Она ответила храбро:
— Считай, что наш.
Ребенок спал, посасывая губами.
— Подкинули, что ли?
— Подкинули. Это счастье для дома, — вспомнила она и заторопилась. — На подкидыша господь пошлет!
От яркого света ребенок затревожился, завертел головкой, стал выпрастывать кулачки из пеленки.
Евдоким засмеялся:
— Мальчик, говоришь?
— Александром зовут.
— Почем знаешь?
— Записка была вложена.
Он сел на кровать и стал разуваться.
— Вот те раз! — сказал он весело, глядя на важного младенца. — А я где лягу?

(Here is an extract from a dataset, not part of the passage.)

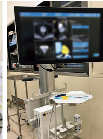
MRI-超音波融合画像ガイド下前立腺標的生検装置

— Ложись к стенке, а я с ним с краю.
— А вдруг задавлю ночью? — осторожно укладываясь под необъятное одеяло, сказал Евдоким уже не шутя. — Придется люльку ему сработать, а то на самом деле опасно, кости-то у него мягкие…
13
Приходили соседки поглядеть, что за прибыль у Чернышевых. Хвалили ребенка, хвалили Чернышевых, ругали беспутных матерей, которые ночью на снегу, у чужого порога, кидают безвинных младенцев…
Пришла и Марьюшка. Вошла чинно, без суеты. Негромко, но требовательно опросила притихших Павла, Катю и Наталью — хорошо ли учатся, слушаются ли названых родителей и зачем дома ходят в башмаках: дома тепло, башмаки поберечь не грех, у названых родителей расходов, поди, страсть на такую ораву. Потом начальственно, как доктор, Марьюшка приказала показать младенца.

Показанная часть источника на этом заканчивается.